> **Assigned task**:
The output should be every line below, retyped exactly, with no images.

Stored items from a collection
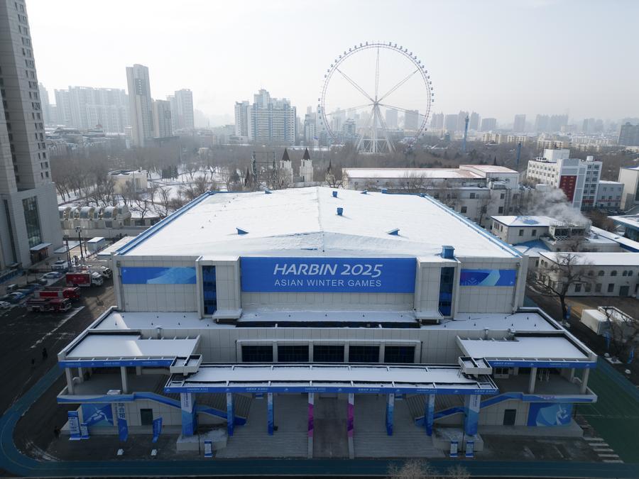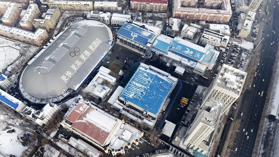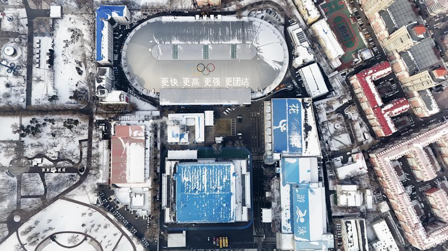 這是1月21日拍攝的哈爾濱市冰球館(男子冰球比賽場館)(無人機照片)。新華社記者 王松 攝
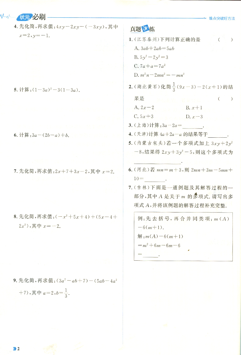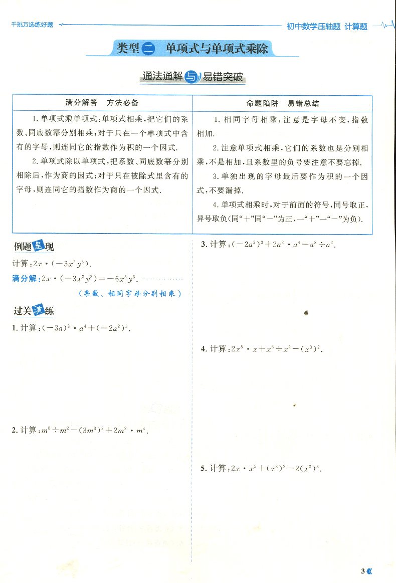 2023版 状元必刷初中数学压轴题计算题 专项训练新教材
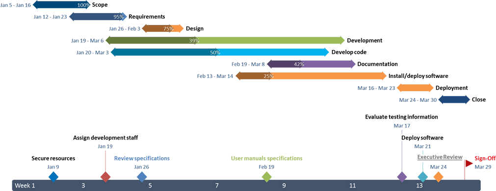 Simple Gantt chart diagram with well-defined tasks and milestones that help you clearly outline any project schedule.
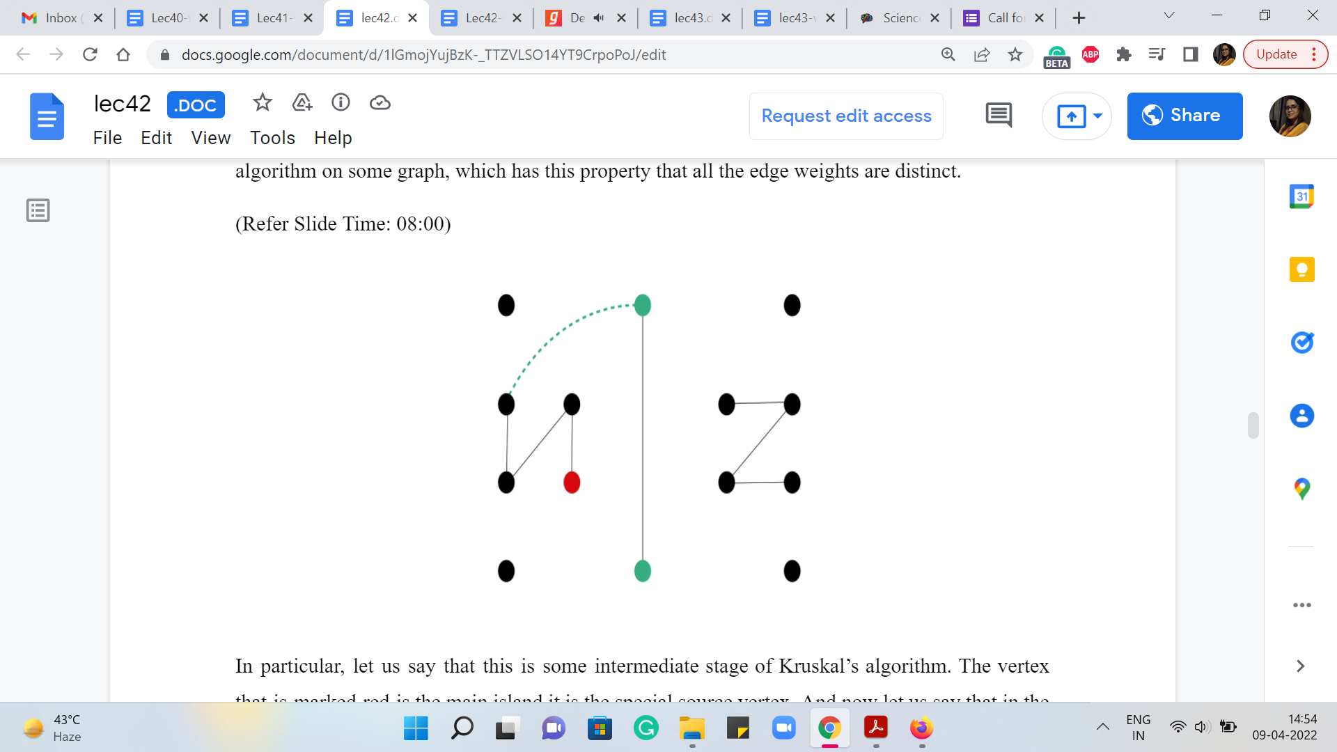 So, this is the time when these islands, if you like, are getting connected to the internet. And this is the time to make a record of ‘ti.’ Now what is ‘ti?’ It is the most expensive edge on the path to the red vertex. But this expensive edge must be the dotted green edge because we know that all the edges that were added before this, were actually cheaper edges. Because that is just the sequence in which Kruskal’s algorithm is going to be adding edges to the spanning forest.
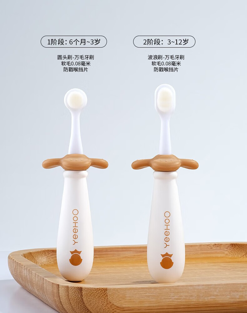 英氏(YEEHOO)宝宝牙刷儿童牙刷0到3岁婴幼儿1-12刷乳牙神器小支训练牙刷2支装

> **Answer to this problem**:
 這是1月21日拍攝的哈爾濱市冰球館(男子冰球比賽場館)(無人機照片)。新華社記者 王松 攝
 2023版 状元必刷初中数学压轴题计算题 专项训练新教材
 Simple Gantt chart diagram with well-defined tasks and milestones that help you clearly outline any project schedule.
 So, this is the time when these islands, if you like, are getting connected to the internet. And this is the time to make a record of ‘ti.’ Now what is ‘ti?’ It is the most expensive edge on the path to the red vertex. But this expensive edge must be the dotted green edge because we know that all the edges that were added before this, were actually cheaper edges. Because that is just the sequence in which Kruskal’s algorithm is going to be adding edges to the spanning forest.
 英氏(YEEHOO)宝宝牙刷儿童牙刷0到3岁婴幼儿1-12刷乳牙神器小支训练牙刷2支装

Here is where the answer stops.